Genus of spore-bearing plants

Phylloglossum, a genus in the clubmoss family Lycopodiaceae, is a small plant superficially resembling a tiny grass plant, growing with a rosette of slender leaves 2–5 cm long from an underground bulb-like root. It has a single central stem up to 5 cm tall bearing a spore-producing cone at the apex, and was previously classified variously in the family Lycopodiaceae or in its own family the Phylloglossaceae, but recent genetic evidence demonstrates it is most closely related to the genus Huperzia and is a sister clade to the genus Phlegmariurus, which was formerly included in Huperzia.

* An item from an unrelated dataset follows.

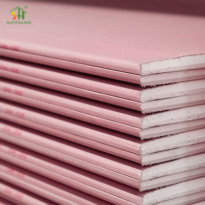 แผ่นยิปซั่มทนไฟ:ลักษณะเป็นสีชมพู ผลิตจากยิปซั่มก่อสร้าง วัสดุน้ำหนักเบา เส้นใยอนินทรีย์ทนไฟ และสารเติมแต่ง นำเสนอประสิทธิภาพการกันไฟที่แข็งแกร่งสำหรับฉากกั้นและเพดาน

Morphological characters, as well as molecular characters based on rbcL data, support the close relationship of Phylloglossum to Huperzia. Similarities in spore morphology, sporangial epidermis morphology, phytochemistry, and chromosome number indicate that Phylloglossum and Huperzia are closely related.

A morphological character that complicates this is the presence of a perenniating tuber in Phylloglossum, which has, in the past, misled scientists to place it more closely to the genus Lycopodiella. Phylloglossum is unique within Lycopodiaceae due to this underground perenniating tuber, which is a reduced stem system that has developed to be considered a new organ. This tuber is an adaptation to the dry season which allows the plant to survive in a dormant state, and the species is the only wholly deciduous Lycopodiaceae which regenerates from tubers.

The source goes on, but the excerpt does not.